Reasoning, math, and consistency

  • Some say Claude is better at careful, step‑by‑step reasoning and ambiguity handling; others show math/physics prompts where Claude fails and GPT is correct.
  • A recurring theme is Claude 3.5’s improved consistency: fewer wild swings in quality once a good prompt style is found.

UX, pricing, and limits

  • Claude Pro’s opaque usage limits frustrate users; message caps are token‑dependent and capacity‑dependent, which feels unpredictable.
  • OpenAI’s consumer products also have caps and dynamic throttling; both sides are criticized for lack of transparency.
  • Projects (persistent context with files/instructions) and Artifacts are seen as major productivity features; some wish for repo integration and voice interfaces.
  • Account creation friction: phone-number requirement and blocking of Google Voice numbers turn some users away.

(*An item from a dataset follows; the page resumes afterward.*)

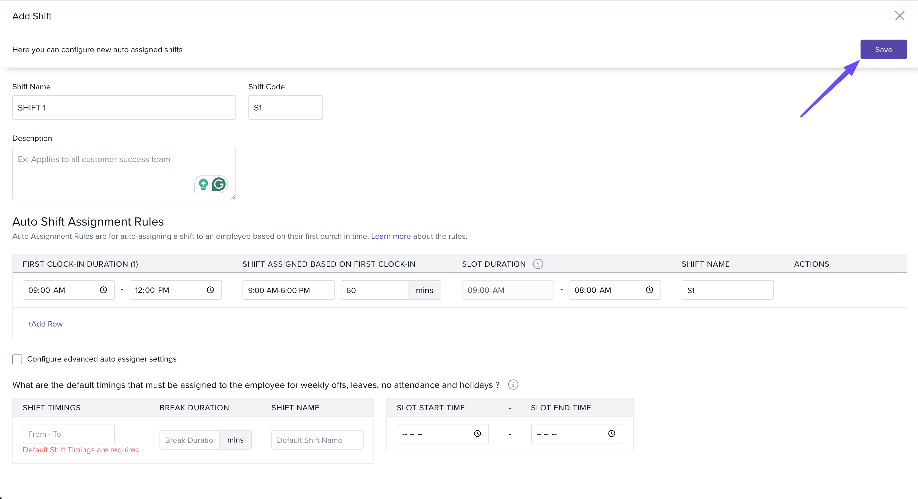 Auto-shift assignment automatically maps an employee to a pre-defined shift based on their first punch of the day.

Safety, bans, and reliability

  • Some accounts are auto‑banned with little explanation; appeal flows exist but are slow or inconsistent.
  • Claude’s safety filters are stricter than GPT’s in some areas (e.g., code obfuscation), which some see as overreach.
  • Occasional dangerous suggestions (e.g., rm -rf on keyring data) show that safety and caution are still imperfect.

Broader impacts

  • Strong sense that modern LLMs dramatically accelerate experienced developers, especially on side projects.
  • Debate over whether this threatens software jobs or mainly raises the bar for developers who can direct and verify AI‑generated code.